Data records: Begin

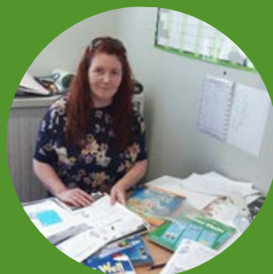
Preparation of resource packs for the children who would have attended the Early Years' Service

In 2009 our purpose-built Community Centre in Carrick on Shannon opened its doors providing a permanent base for the Leitrim Travellers Project with Mohill and the rest of the county as outreach.
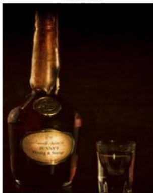
5 Bunny's Moving and Storage - Juan Stout
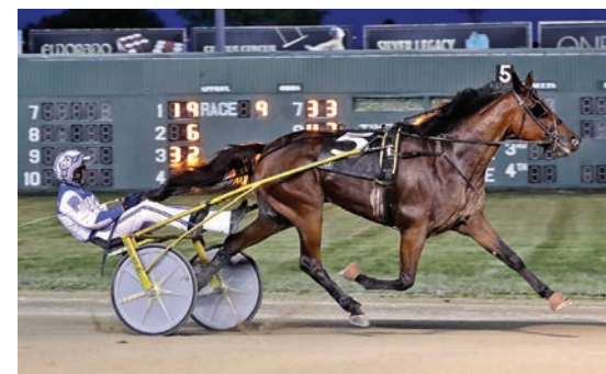
A Fancy Face
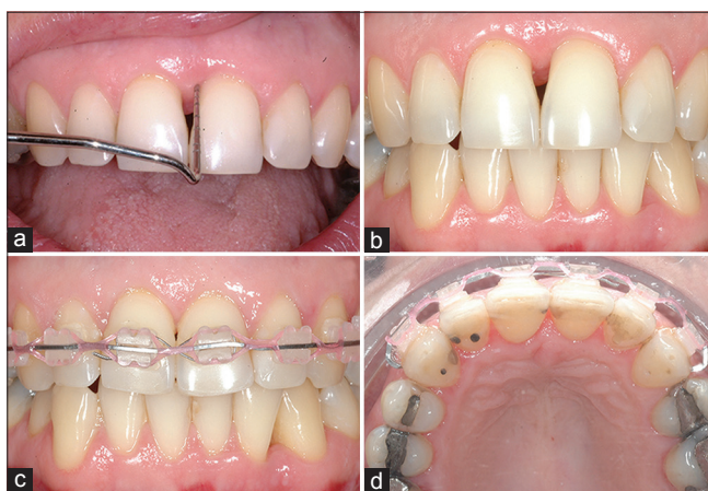
Figure 2: (a) 3 months after basic periodontal therapy with supra and subgingival scaling and root planning. The periodontal pocket was reduced about 7 mm but a black triangle was evident. (b) 3 months after basic periodontal therapy resulting in apical displacement of gingival margin leading to a compromised patient esthetics. (c and d) Initial orthodontic movement toward the intraosseous defect
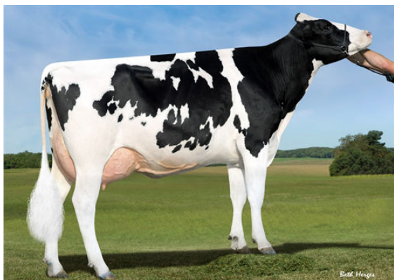
SANDY-VALLEY MORGAN ERA FIFTH DAM
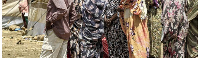
Sudan plunged into conflict in mid-April 2023

and elsewhere in Sudan if they don't allow humanitarian aid into the vast western region - a view echoed Wednesday by Nkweta-Salami.
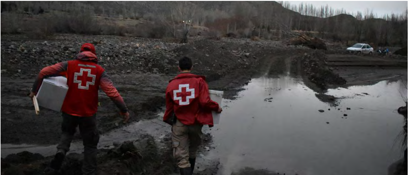
The Argentine Red Cross supported the affected communities of Chos Malal, Vista Alegre and Centenario who were affected by rain-induced flooding, 11 July 2023.

The IFRC as a result of the aforementioned discussion, is part of the technical working group of the 'V Global Mental Health Summit'. It has secured the participation of some National Societies at the Summit. In addition, the Humanitarian Observatory will present reports on mental health carried out in several countries.
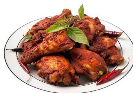
Ayam Goreng Berempah

Step 2: Items Below Are Included In Your Buffet Package
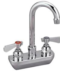
RGSH-S Splash Mounted 4" OC Gooseneck Faucet w/ Lever Handles
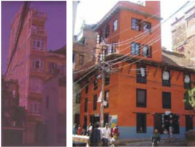
Figure 5: Added vulnerability in Kathmandu due to social norms and customs

In NZ, there are examples of how not abiding by the law has become an incentive, and those abiding by law are left in the cold. Many unreinforced masonry buildings that were previously strengthened to two-thirds of NZSS 1900, Chapter 8 (NZSI, 1965) as required by previous legislation and regulations are being deemed earthquake prone buildings in Wellington. Owners of these buildings had spent significant sums to strengthen their buildings to comply with previous legislation. It is disappointing for them to know that the building which was strengthened just a few years before is again an earthquake prone building and they have to spend yet again a significant amount of money to revoke this status. It has effectively become an incentive for those who did not abide by the law at that time.
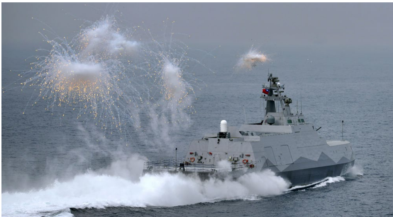
A domestically-constructed Taiwanese missile corvette launches flares during pre-election military drills in January 2016. Taiwan's shipbuilding successes have prompted some to advocate for domestic submarine construction as well.

longtime restrictions on arms exports. Sporting a mature submarine-building environment, the Japanese could be persuaded to someday be the foreign manufacturing partner Taiwan seeks. The United States may need to determine whether it prefers a perennially troubled Taiwanese submarine program, a Japanese construction partnership likely facilitated by the United States, or a direct U.S. partnership.
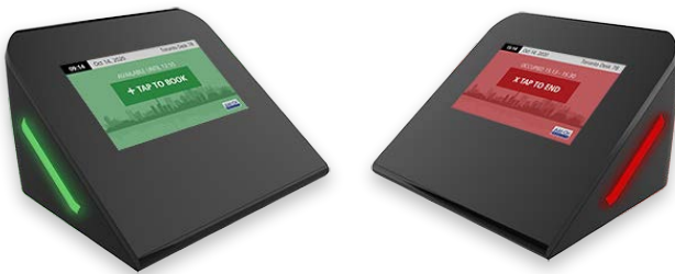
4" Desk Booking Screen | WS-0350
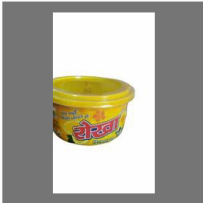
Dishwash Bar Tub
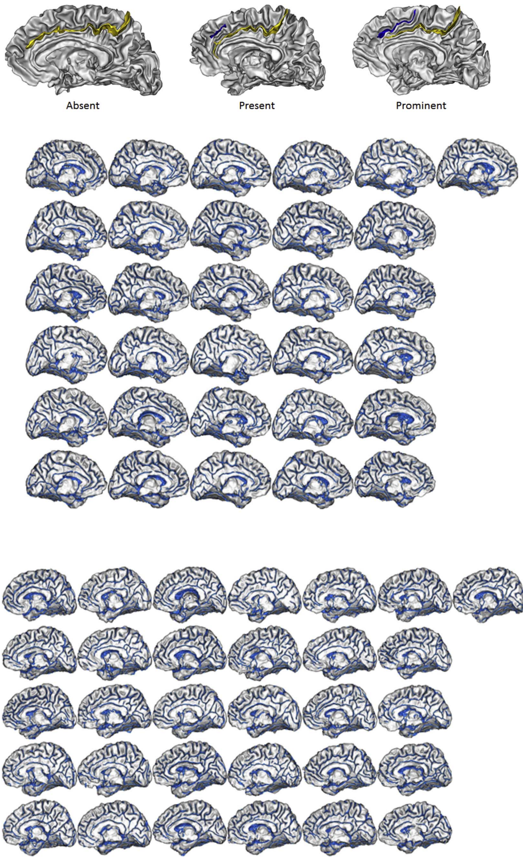
Fig. 1. Morphological patterns of the anterior cingulate cortex (ACC). The three ACC sulcal patterns: 'absent', 'present' and 'prominent'. The ACC sulci (yellow) and the paracingulate sulci (blue) are represented on the cortical surface (gray/white interface).

Data records: End

-- Exercise prompt --
Copy exactly, and copy nothing else: the lines from the start of the data above through the line that holds "and elsewhere in". The pictures stay out.

-- Written answer --
Preparation of resource packs for the children who would have attended the Early Years' Service

In 2009 our purpose-built Community Centre in Carrick on Shannon opened its doors providing a permanent base for the Leitrim Travellers Project with Mohill and the rest of the county as outreach.
5 Bunny's Moving and Storage - Juan Stout
A Fancy Face
Figure 2: (a) 3 months after basic periodontal therapy with supra and subgingival scaling and root planning. The periodontal pocket was reduced about 7 mm but a black triangle was evident. (b) 3 months after basic periodontal therapy resulting in apical displacement of gingival margin leading to a compromised patient esthetics. (c and d) Initial orthodontic movement toward the intraosseous defect
SANDY-VALLEY MORGAN ERA FIFTH DAM
Sudan plunged into conflict in mid-April 2023

and elsewhere in Sudan if they don't allow humanitarian aid into the vast western region - a view echoed Wednesday by Nkweta-Salami.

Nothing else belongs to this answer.